The job is complex and demanding. If you (or someone you know) are up to the challenge, please consider stepping into the arena.
But back to Main Street. Downtown is more than merely the geographic heart of this community. Our downtown is the setting of much of our history and, like our fingerprint, it is what is distinct about us. As fortune would have it, ours is lovely, and we have a mayor who recognizes the importance of keeping it so.

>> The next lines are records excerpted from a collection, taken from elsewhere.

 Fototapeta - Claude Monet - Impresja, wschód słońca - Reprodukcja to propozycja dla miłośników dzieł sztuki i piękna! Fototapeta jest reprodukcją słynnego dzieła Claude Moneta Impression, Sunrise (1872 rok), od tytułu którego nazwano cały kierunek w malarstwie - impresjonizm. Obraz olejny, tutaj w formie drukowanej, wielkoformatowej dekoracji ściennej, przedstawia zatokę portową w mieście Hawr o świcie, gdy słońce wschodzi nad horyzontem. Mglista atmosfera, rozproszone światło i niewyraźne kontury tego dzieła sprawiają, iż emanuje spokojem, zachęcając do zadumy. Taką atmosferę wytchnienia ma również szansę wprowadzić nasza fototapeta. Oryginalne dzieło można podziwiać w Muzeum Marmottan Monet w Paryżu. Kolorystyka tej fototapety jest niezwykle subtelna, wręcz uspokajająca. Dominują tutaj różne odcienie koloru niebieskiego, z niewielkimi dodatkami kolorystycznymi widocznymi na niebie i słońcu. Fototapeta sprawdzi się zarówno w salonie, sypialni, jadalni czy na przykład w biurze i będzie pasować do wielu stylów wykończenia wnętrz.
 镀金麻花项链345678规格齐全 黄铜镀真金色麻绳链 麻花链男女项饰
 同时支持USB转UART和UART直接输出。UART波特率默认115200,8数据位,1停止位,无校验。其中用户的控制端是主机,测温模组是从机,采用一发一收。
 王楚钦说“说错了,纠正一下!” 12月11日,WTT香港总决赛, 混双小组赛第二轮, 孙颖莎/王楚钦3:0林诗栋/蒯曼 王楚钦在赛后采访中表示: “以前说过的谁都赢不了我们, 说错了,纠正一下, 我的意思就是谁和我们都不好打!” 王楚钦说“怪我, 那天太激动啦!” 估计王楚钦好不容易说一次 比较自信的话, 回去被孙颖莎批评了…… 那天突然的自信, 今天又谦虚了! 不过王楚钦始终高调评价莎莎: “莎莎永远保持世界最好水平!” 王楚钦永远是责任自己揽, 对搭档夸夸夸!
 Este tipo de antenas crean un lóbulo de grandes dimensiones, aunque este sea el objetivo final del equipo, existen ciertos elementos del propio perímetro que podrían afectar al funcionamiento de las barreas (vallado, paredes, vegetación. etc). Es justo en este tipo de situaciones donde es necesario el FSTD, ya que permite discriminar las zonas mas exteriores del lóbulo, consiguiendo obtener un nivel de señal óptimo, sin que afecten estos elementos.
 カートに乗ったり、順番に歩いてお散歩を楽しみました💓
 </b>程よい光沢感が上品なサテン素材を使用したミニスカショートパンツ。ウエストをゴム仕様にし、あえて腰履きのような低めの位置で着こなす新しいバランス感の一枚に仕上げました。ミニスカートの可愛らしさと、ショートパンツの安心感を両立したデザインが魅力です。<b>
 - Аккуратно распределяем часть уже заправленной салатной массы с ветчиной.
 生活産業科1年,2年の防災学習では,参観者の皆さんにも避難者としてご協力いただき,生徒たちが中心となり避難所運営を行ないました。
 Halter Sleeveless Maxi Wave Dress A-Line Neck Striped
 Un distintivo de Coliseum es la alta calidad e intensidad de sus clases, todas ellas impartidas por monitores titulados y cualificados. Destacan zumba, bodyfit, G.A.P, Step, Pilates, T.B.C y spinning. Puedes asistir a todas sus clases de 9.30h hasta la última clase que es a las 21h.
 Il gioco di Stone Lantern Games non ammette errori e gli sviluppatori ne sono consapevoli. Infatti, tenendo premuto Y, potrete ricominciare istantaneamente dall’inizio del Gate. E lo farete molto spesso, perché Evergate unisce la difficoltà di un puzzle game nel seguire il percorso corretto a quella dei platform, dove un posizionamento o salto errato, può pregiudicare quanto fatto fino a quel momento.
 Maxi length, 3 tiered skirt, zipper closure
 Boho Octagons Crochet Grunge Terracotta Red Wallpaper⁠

As a kid growing up here in the 50s and early 60s, I got my hair cut on Saturdays at Ferguson’s Barber Shop across the street from The Dispatch. On those Saturdays, downtown Columbus seemed like the center of the universe. The streets were teeming with people and local retailers and tradesmen did a lively business. This was well before the malls and shopping centers.
Time passed and the commercial focus moved east to Gateway Shopping Center (Woolco) and north to Highway 45 and Leigh Mall. Though still lively, the fortunes of downtown waned. There were two groceries (Pennington’s ABC Grocery where Beard’s Antiquities is now and Big Star in the building across the street from Fred’s); Catfish Alley was a lively terminus for commuting factory workers coming to town from the Prairie and Steve’s Cafe, the last cafe standing (r.i.p. the Straight Eight, Bell Cafe, Gilmer Coffee Shop and Ed’s Grill), offered its own community. All those are gone now.
What was the Casanova Disco on Catfish Alley is now part of Old 82, an up-and-coming Cajun-flavored lunch place. Soon a Thai restaurant will occupy what was once the most staid of banks, a couple doors down from my childhood tonsorial emporium. The Rosenzweig Arts Center, an under-appreciated community asset, occupies what was also a childhood haunt, McClellan Five and Dime. What was Steve’s is now a popular watering hole. Most evenings parking spaces on Market Street between Main and the Princess are scarce. Same for vacancies in the almost 200 apartments housed above historic storefronts.
If you’ve not been downtown in a while, let me suggest a field trip. One of ever-pleasant baristas at the Coffee House on Fifth would be delighted to make you a warm drink to help you acclimate. Once fortified, take in the latest exhibit at the Rosenzweig, visit downtown shops or explore the river front. And if your outing happens to be on a Thursday afternoon, stop by The Dispatch for a newspaper and a bag of popcorn. We’d love to see you.
Birney Imes III is the immediate past publisher of The Dispatch.